朝、畑にゆくといちめん朝顔の花におおわれて、朝露が光っていて、きれいだ。今年はなぜか圧倒的に青い花。支柱などたててやらないので、朝顔はあらゆるものにからまりながら地面を這う。畑に、何が植わってるか、かきわけないとわからないくらい。
かきわけなくてもわかるのは、いろんなとこに植わっているミニトマト。去年の落ちた実から、勝手に生えて育っているんだが、手入れしないので、野生と化している。たくさんとれた。それから、とうがらし。これらは赤いからわかりやすいのだが。
見つけにくいのは、なす。ピーマン。ししとう。セロリ。ねぎ。大葉は繁り放題、そのかげで滅んでいるパセリ。しょうがとみょうがはまだ実はならず。ニラはいま白い星みたいな花を咲かせてる。
歩けばどこでつまずくかわからないかぼちゃ。黄色い花が咲いているのは、たぶん、トウガン。実はなるか。
いちごも野生化してひろがっている。葉っぱが元気いっぱいだなあと思ったら、いちごの葉っぱによく似た葉っぱの草だった。草ひき草ひき。
そのほかに、おしろい花やふうせんかずらが、またいろんな草ともつれあいながら。刈ってもらってずいぶんすっきりしたカヤが、また勢いよく伸びてきている。
怠けものの畑はこんなふう。
で、こんなもんだと思っていたが、隣の荒れ地がみるみるまに美しく畑らしくなっていくのを一年ばかしみてると、じぶんちのを、畑と呼ぶのはためらわれる、というふうではある。
であるが、イチゴとミニトマトが、ものすごくたくさん採れたので、それなりにしあわせな、畑の春と夏だった。

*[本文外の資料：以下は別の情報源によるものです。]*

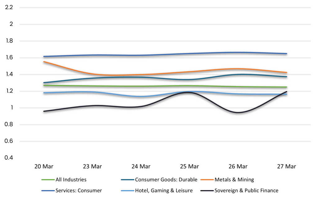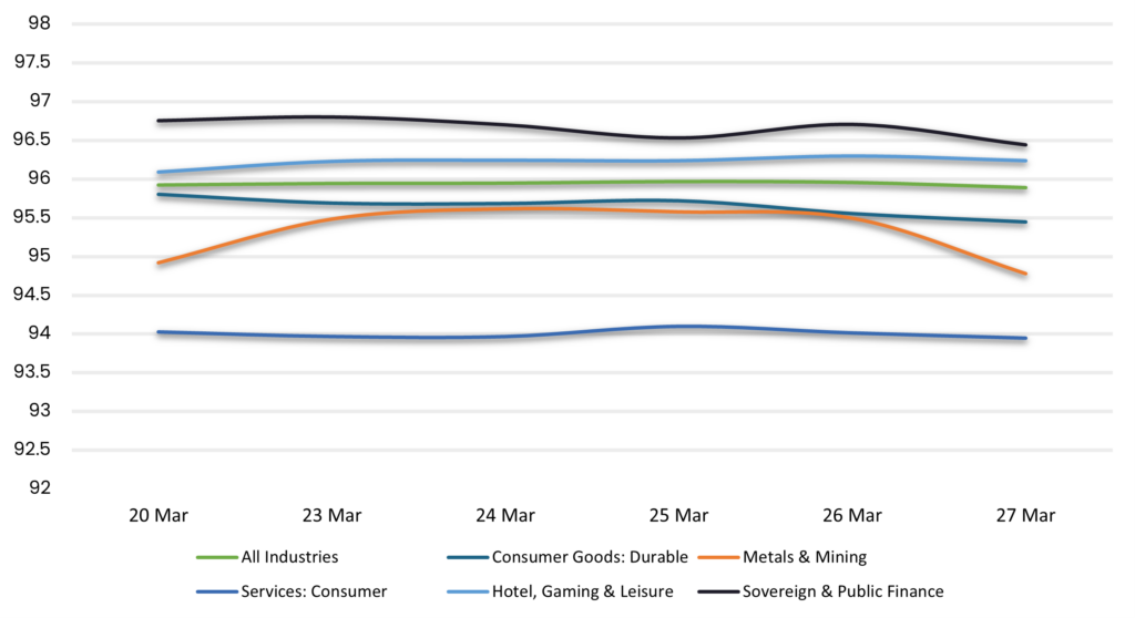 Displays the average loan bid price by sector between 3/20/26-3/27/26. Results are based on select industry sectors, however, we offer data across 36 sectors

子どもが学校からもってかえった設計図は、音の出る楽器。その設計図通りのをつくって、金曜日にもっていくんだという。
ペットボトルに、クリップ8個とあずき25個入れる、というだけのものなんだが。
クリップはある。あずきはない。ないことはないが、去年つくったお手玉のなかだ。この設計図は、このとおりにしなければいけないのか、変更するということはできるか、と子どもにきいていたら、パパが、「あずきぐらい買ってくればいいだろう」って言う。
でもさ、無駄な教材費使わないでも、いいと思うんだよね。

確認。設計図は誰が考えたのか。先生が考えて、こうしなさいっていうんなら、しょうがない、あずき買ってくるか、お手玉こわして、あずき取り出そう。でも、設計図を自分で考えて、自分で変えていいんなら、あずきのほかにも、ひまわりの種とか、ふうせんかずらや朝顔おしろい花の種とか、使えそうなものは畑にいっぱいあるよ。
「設計図はぼくが考えたんだよ」
誘導。ふうせんかずらの種は黒いなかに白いハートの模様がついてて、かわいいと思うよ。
「ああ、それいいねえ。ふうせんかずらの種にしよう」

それなりに、役に立つ畑である。